Work request
The answer is the exact run of lines in the listing below from the line containing "Fin dall’ouverture, diretta" up to and including the line containing "The Spirulina has", with pictures removed.

··· Provided data

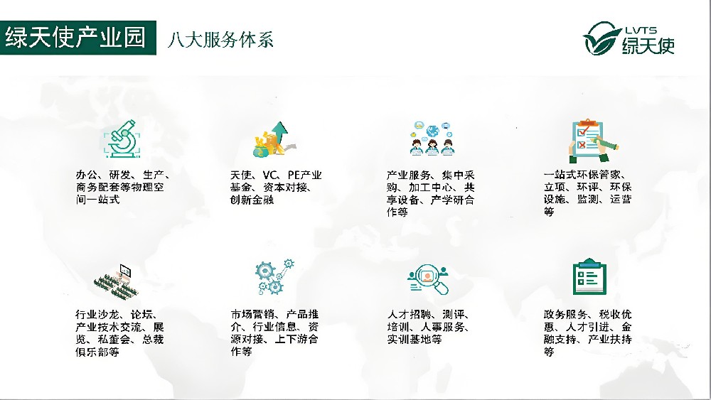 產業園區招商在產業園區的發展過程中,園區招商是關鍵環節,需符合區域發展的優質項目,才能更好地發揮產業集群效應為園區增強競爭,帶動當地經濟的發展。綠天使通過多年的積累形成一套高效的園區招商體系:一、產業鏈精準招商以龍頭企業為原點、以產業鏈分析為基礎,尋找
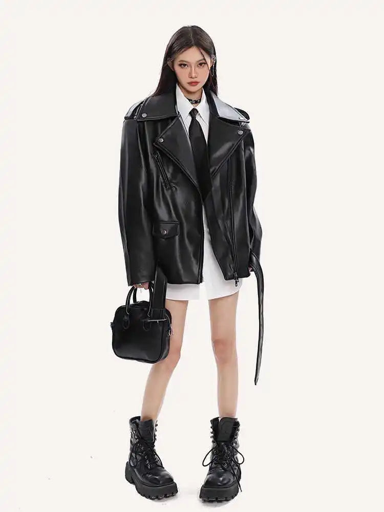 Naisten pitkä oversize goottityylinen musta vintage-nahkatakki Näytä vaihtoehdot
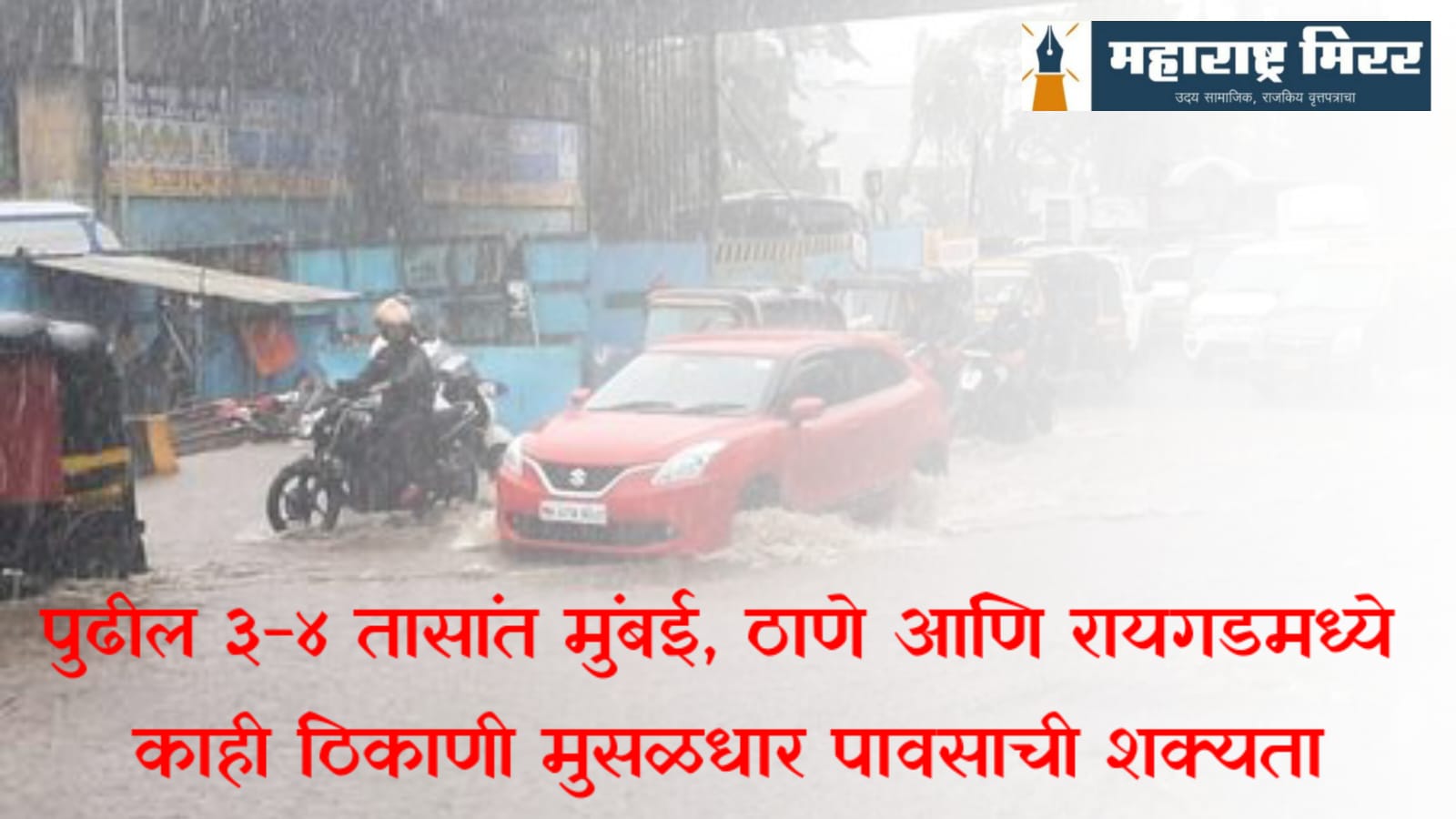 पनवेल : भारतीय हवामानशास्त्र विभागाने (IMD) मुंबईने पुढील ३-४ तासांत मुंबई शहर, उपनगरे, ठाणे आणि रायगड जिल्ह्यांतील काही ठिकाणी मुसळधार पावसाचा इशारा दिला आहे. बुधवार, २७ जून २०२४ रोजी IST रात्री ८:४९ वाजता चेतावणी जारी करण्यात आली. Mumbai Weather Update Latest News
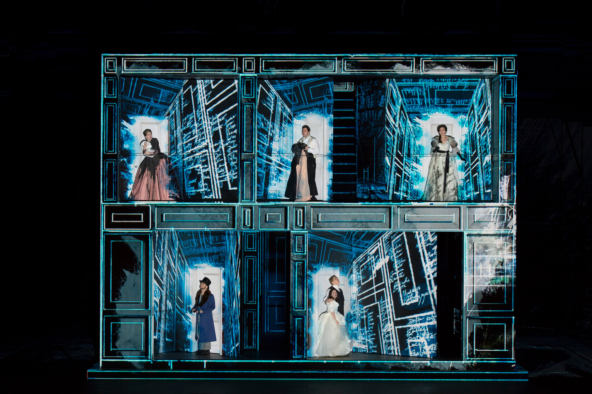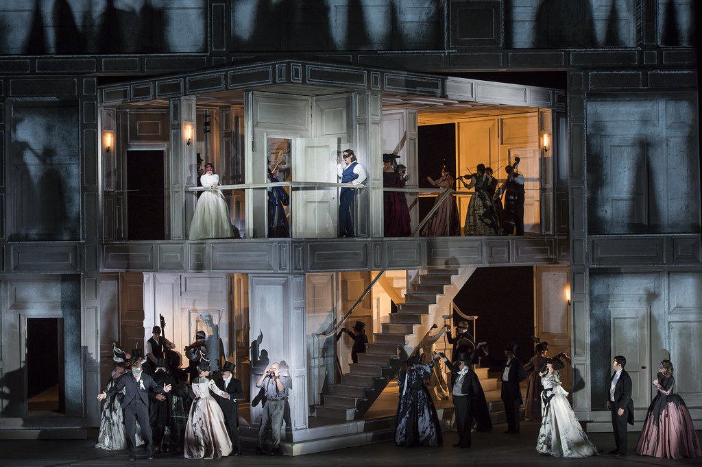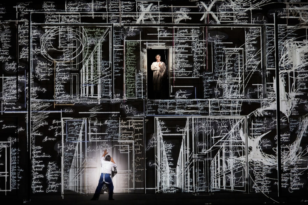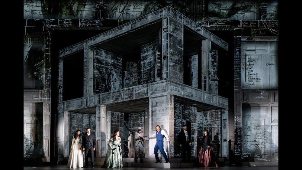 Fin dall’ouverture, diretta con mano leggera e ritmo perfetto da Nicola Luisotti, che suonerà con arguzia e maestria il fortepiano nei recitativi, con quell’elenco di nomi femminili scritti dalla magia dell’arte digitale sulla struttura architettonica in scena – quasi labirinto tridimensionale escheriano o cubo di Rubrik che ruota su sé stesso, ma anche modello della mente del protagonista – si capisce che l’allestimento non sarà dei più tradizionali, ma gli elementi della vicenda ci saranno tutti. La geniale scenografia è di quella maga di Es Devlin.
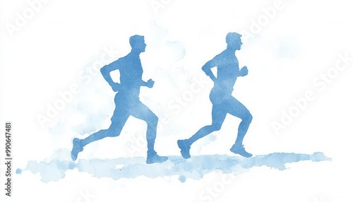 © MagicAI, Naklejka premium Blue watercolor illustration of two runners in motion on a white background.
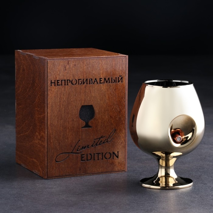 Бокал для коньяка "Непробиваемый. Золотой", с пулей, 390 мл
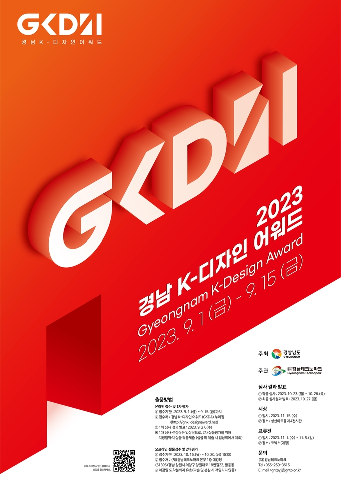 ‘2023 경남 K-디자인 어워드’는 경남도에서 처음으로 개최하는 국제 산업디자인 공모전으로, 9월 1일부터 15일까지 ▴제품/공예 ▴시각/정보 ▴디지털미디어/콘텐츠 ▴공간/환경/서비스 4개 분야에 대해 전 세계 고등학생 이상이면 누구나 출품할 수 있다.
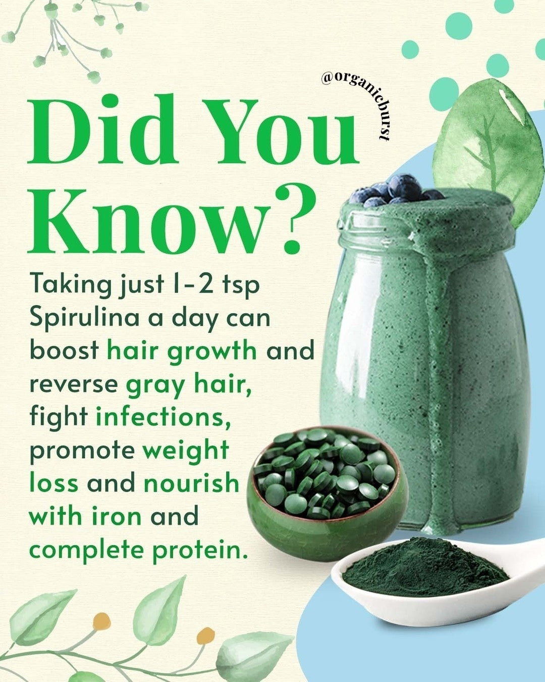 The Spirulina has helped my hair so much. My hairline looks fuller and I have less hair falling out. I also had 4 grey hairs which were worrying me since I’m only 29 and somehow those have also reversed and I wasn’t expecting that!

······
··· Provided data

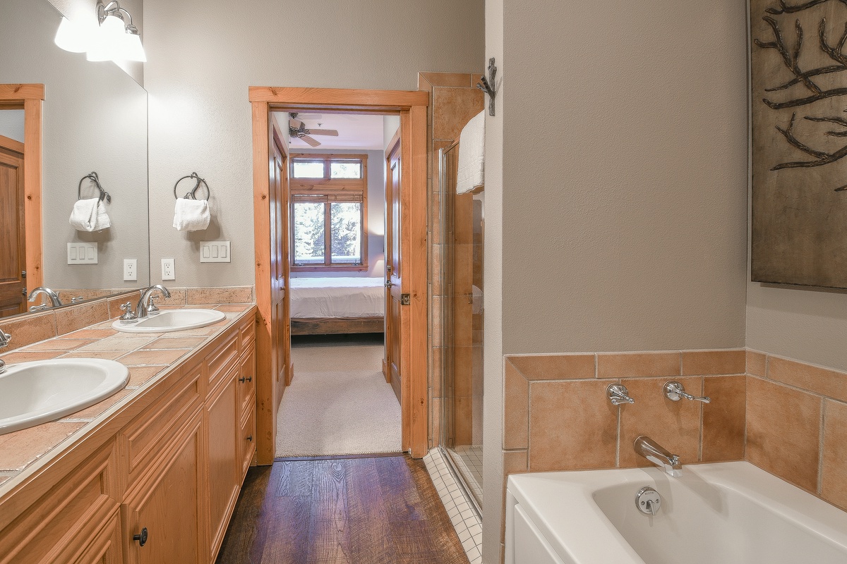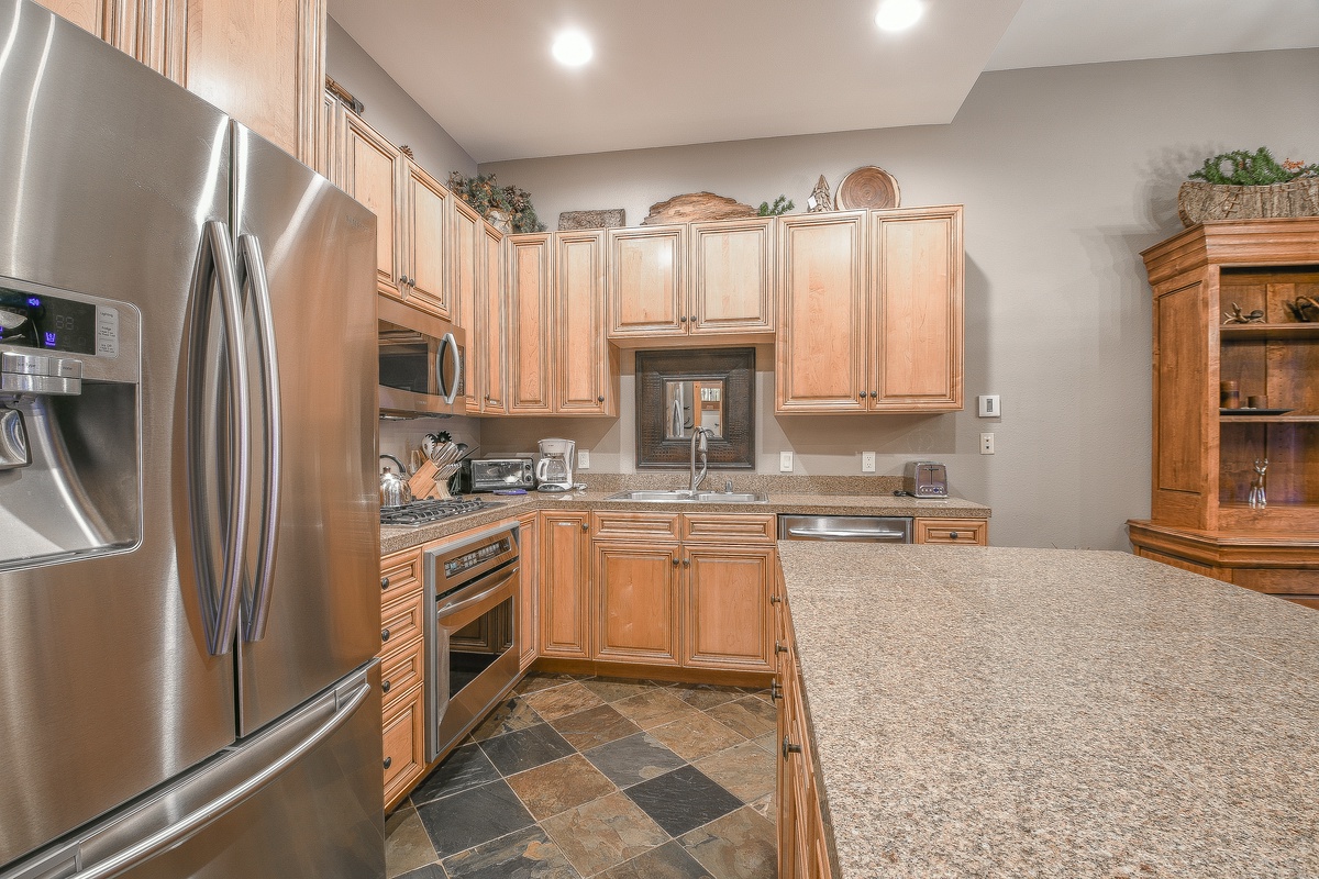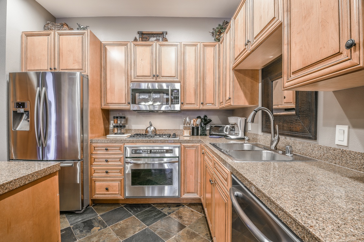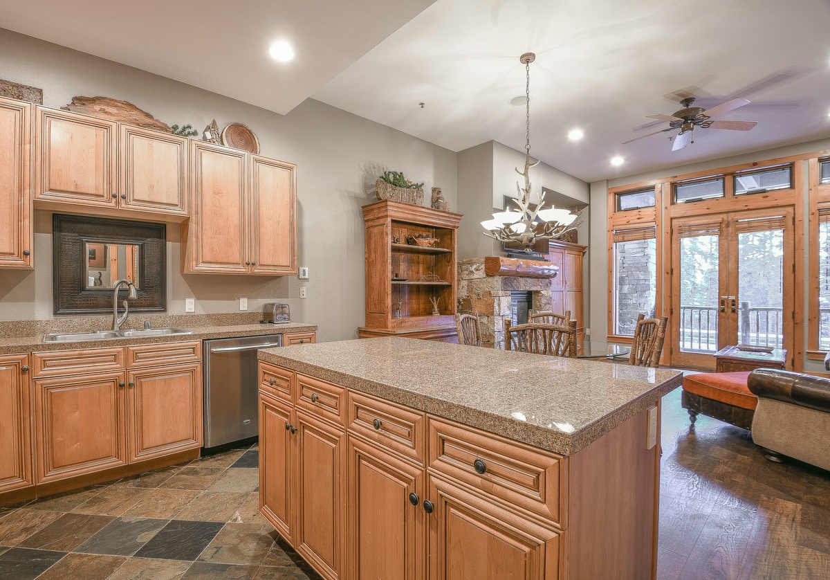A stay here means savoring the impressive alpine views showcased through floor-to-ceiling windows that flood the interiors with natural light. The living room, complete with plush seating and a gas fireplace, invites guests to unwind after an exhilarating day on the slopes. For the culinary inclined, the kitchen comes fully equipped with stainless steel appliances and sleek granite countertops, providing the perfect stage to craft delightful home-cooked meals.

······

Written response
 Fin dall’ouverture, diretta con mano leggera e ritmo perfetto da Nicola Luisotti, che suonerà con arguzia e maestria il fortepiano nei recitativi, con quell’elenco di nomi femminili scritti dalla magia dell’arte digitale sulla struttura architettonica in scena – quasi labirinto tridimensionale escheriano o cubo di Rubrik che ruota su sé stesso, ma anche modello della mente del protagonista – si capisce che l’allestimento non sarà dei più tradizionali, ma gli elementi della vicenda ci saranno tutti. La geniale scenografia è di quella maga di Es Devlin.
 © MagicAI, Naklejka premium Blue watercolor illustration of two runners in motion on a white background.
 Бокал для коньяка "Непробиваемый. Золотой", с пулей, 390 мл
 ‘2023 경남 K-디자인 어워드’는 경남도에서 처음으로 개최하는 국제 산업디자인 공모전으로, 9월 1일부터 15일까지 ▴제품/공예 ▴시각/정보 ▴디지털미디어/콘텐츠 ▴공간/환경/서비스 4개 분야에 대해 전 세계 고등학생 이상이면 누구나 출품할 수 있다.
 The Spirulina has helped my hair so much. My hairline looks fuller and I have less hair falling out. I also had 4 grey hairs which were worrying me since I’m only 29 and somehow those have also reversed and I wasn’t expecting that!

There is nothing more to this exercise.